My main job was to wrangle and transport the talent, and for over a month we had worked together, this actress and I, in a very friendly and easy manner. Until one day when she arrived late with shopping bags from a spontaneous spree, making her and her fellow lead actors late to set (for which I was being blamed). I briefly and jokingly chastised her for her shoppingwhich was not out of step with the rapport she and I had developed, then we all jumped into the van and I drove them to set.

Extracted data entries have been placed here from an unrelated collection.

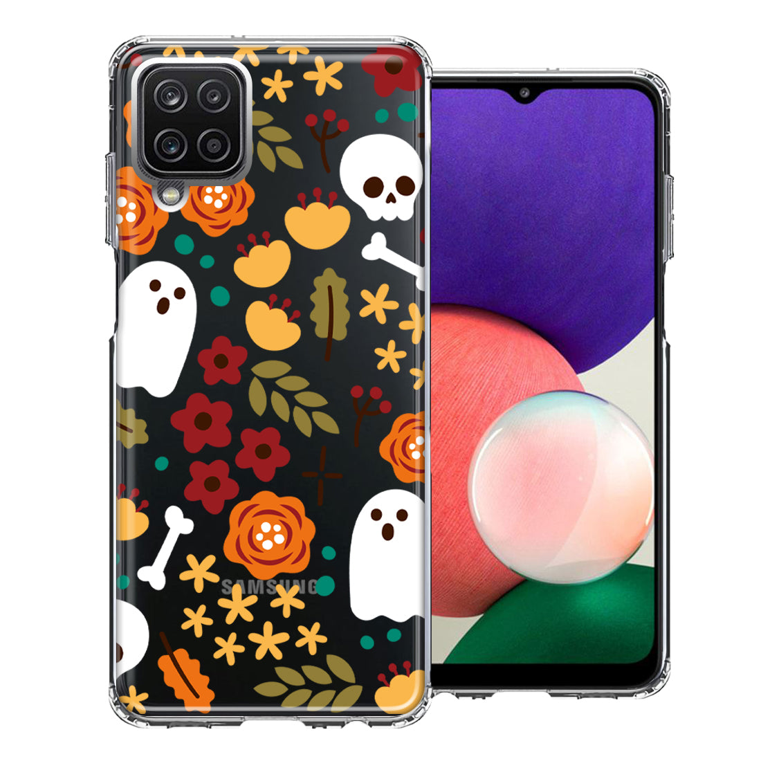 For Samsung Galaxy A22 5G Spooky Season Fall Autumn Flowers Ghosts Skulls Halloween Double Layer Phone Case Cover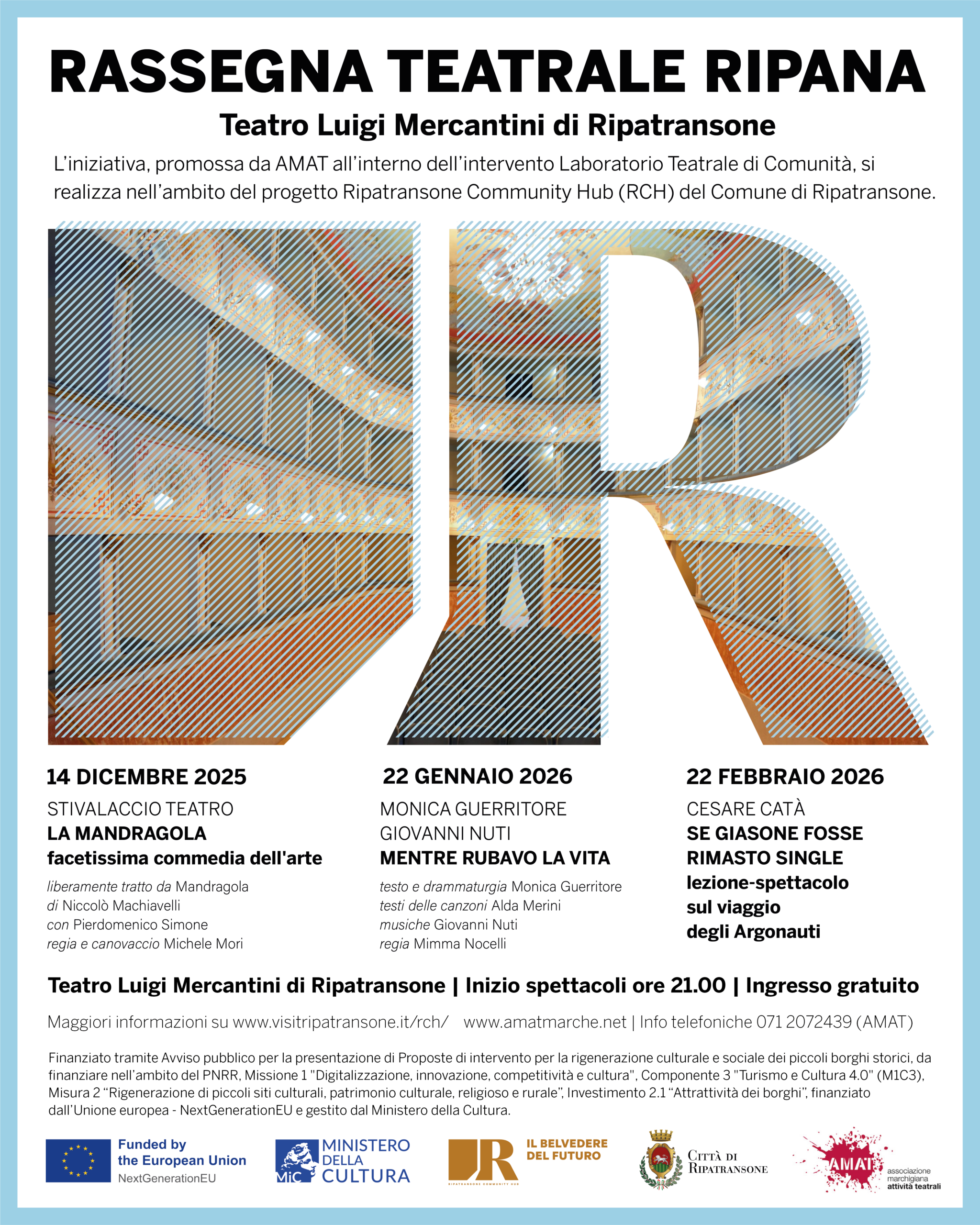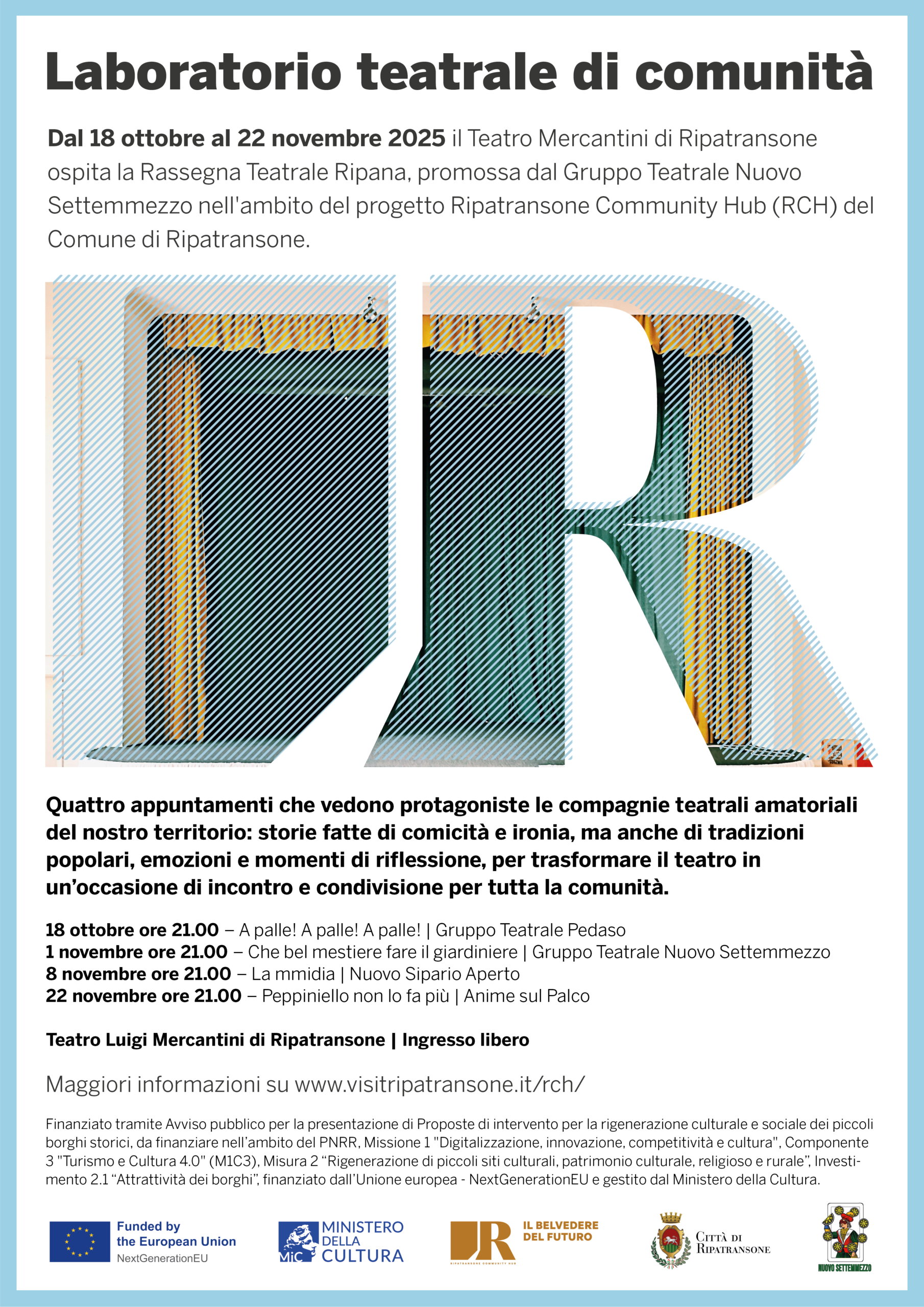 Non è per caso, dunque, che il gruppo teatrale Nuovo Settemmezzo abbia deciso di mettere in gioco la sua esperienza di oltre trent’anni nel campo teatrale per proporre, nell’ambito del progetto, una rassegna di teatro amatoriale, una di teatro contemporaneo e un corso di teatro giovanile rivolto alle ragazze e ai ragazzi della scuola secondaria di primo grado, che darà vita a una produzione teatrale originale. Saranno poi realizzate attività di valorizzazione del Dialetto Ripano attraverso una ricerca, una pubblicazione e una raccolta di ricette tipiche in dialetto, collezionate con il coinvolgimento delle persone del borgo e dei ristoratori locali attraverso un processo partecipativo.
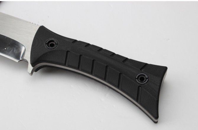 全 长:43cm 刃 长:29cm 柄 长:14cm 刃 宽:6.8cm(最宽处) 刃 厚:6mm 刃 材:9CR18Mov 重 量:820克毛重 硬 度:59HRC 表 面:镜光拉丝 柄 材:G10柄 锁 型:定锁 其 他:配硬纸盒+K鞘

Her expression changed and the whole way there she was quiet. When we arrived, everyone rushed to hair and makeup. The next thing I knew one of the producers called me over because I had been accused of threatening this actress. She had told them that I was ‘aggressive’, and she did not feel ‘safe’ around me. Her words hurt me and gave the producer reason to reassign me, and the bigoted assistant director leave to harass me all night by mocking my name over the walkie talkie. I tried to speak with her, but she wouldn’t even look me in the eye.

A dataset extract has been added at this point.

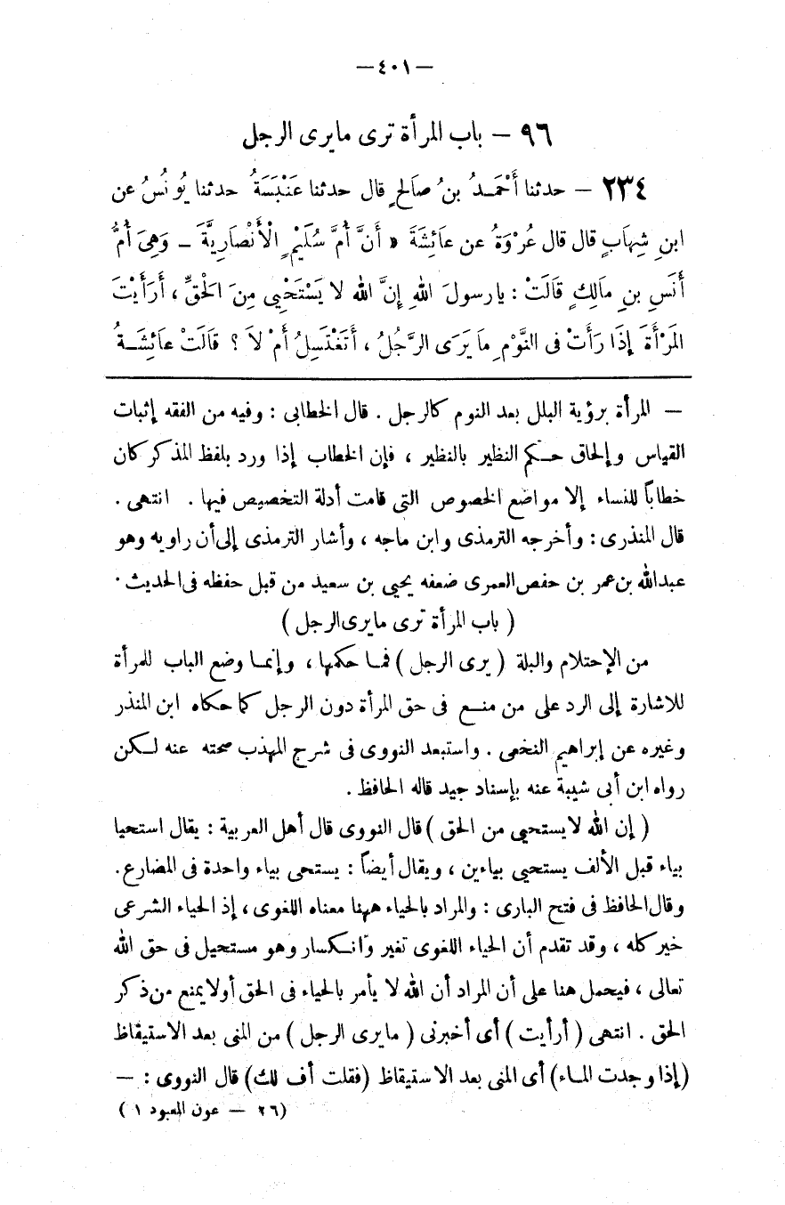 الْمَرْأَة بِرُؤْيَةِ الْبَلَل بَعْد النَّوْم كَالرَّجُلِ . قَالَ الْخَطَّابِيُّ : وَفِيهِ مِنْ الْفِقْه إِثْبَات الْقِيَاس وَإِلْحَاق حُكْم النَّظِير بِالنَّظِيرِ ، فَإِنَّ الْخِطَاب إِذَا وَرَدَ بِلَفْظِ الْمُذَكَّر كَانَ خِطَابًا لِلنِّسَاءِ إِلَّا مَوَاضِع الْخُصُوص الَّتِي قَامَتْ أَدِلَّة التَّخْصِيص فِيهَا . اِنْتَهَى . قَالَ الْمُنْذِرِيُّ : وَأَخْرَجَهُ التِّرْمِذِيّ وَابْن مَاجَهْ ، وَأَشَارَ التِّرْمِذِيّ إِلَى أَنَّ رَاوِيه وَهُوَ عَبْد اللَّه بْن عُمَر بْن حَفْص الْعُمَرِيّ ضَعَّفَهُ يَحْيَى بْن سَعِيد مِنْ قِبَل حِفْظه فِي الْحَدِيث .

This was a production I had worked on for months during pre-production and production and built connections which may have taken me to the next job; and her wounded pride convinced her it was okay to fabricate this lie and besmirch my reputation. In the mix of it all (grace stood beside me)—I remained professional even though I wanted to cry from the shock and hurt. I stood poised with my name being mangled over the radio—fighting tears and rising above what I knew was racist behavior—not a threat to my life but to my livelihood and my reputation. This was one of many encounters from 1st grade to the present that have sought to hinder me. There are countless stories like this with mild to much more damaging effects for Black people—many tears have fallen and choked down for later expression.
Some may perceive that when Black people cry, that we are always crying (which if it were true would be justified, because there aren’t enough collective tears to relieve the pain we’ve endured). When Black people protest in response to a horrendous loss of innocent life at the hands of those who have the duty to protect us, we are identified as destructive, violent and enraged (though if we were truly savage this entire country would have been burned down long ago); and if Black people stand with dignity in the midst of tragedy, though we feel every wicked glance, we are perceived as though nothing bothers us—as though we are unshakeable (and in the end we are just that, unshakeable).

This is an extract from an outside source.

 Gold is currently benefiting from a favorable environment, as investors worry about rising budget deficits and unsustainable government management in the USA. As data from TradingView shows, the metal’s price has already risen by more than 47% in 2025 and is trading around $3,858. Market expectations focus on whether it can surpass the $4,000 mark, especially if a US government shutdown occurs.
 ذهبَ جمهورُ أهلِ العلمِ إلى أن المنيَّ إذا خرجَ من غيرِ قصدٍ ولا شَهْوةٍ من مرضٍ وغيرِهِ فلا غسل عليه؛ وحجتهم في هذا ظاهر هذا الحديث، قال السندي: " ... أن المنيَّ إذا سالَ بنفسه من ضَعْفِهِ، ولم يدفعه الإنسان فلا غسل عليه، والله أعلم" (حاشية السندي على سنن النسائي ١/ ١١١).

We are human beings that over centuries have endured more than many humans could bear and continue to do so because GRACE is in our DNA. Demonstrating Grace is an evolved state of being—some may call it having spiritual resolve, wherein we strive to transform personal and public tragedies, losses, slights, and ‘Amy Cooper’ type gestures that have happened daily throughout our lives, into positive energy for our own individual and collective survival.
Our Grace vibrates kindness, strength, wisdom, generosity to All and it shines in our Creative Expressions. Grace glows from within us. Grace shines through our eyes and through our skin and that Grace radiates—contributing incredible light and gifts to the whole of the world. And I imagine that it is this Grace that may be most intimidating to those who have sought to dim our light. It must truly be vexing that our light shines even brighter despite the assaults waged against us.
Sincerely, I hope with the Grace which resides within me, that one day, all will respect the warmth and joy of our light and our lives. Until then may Grace Stand Beside Us All.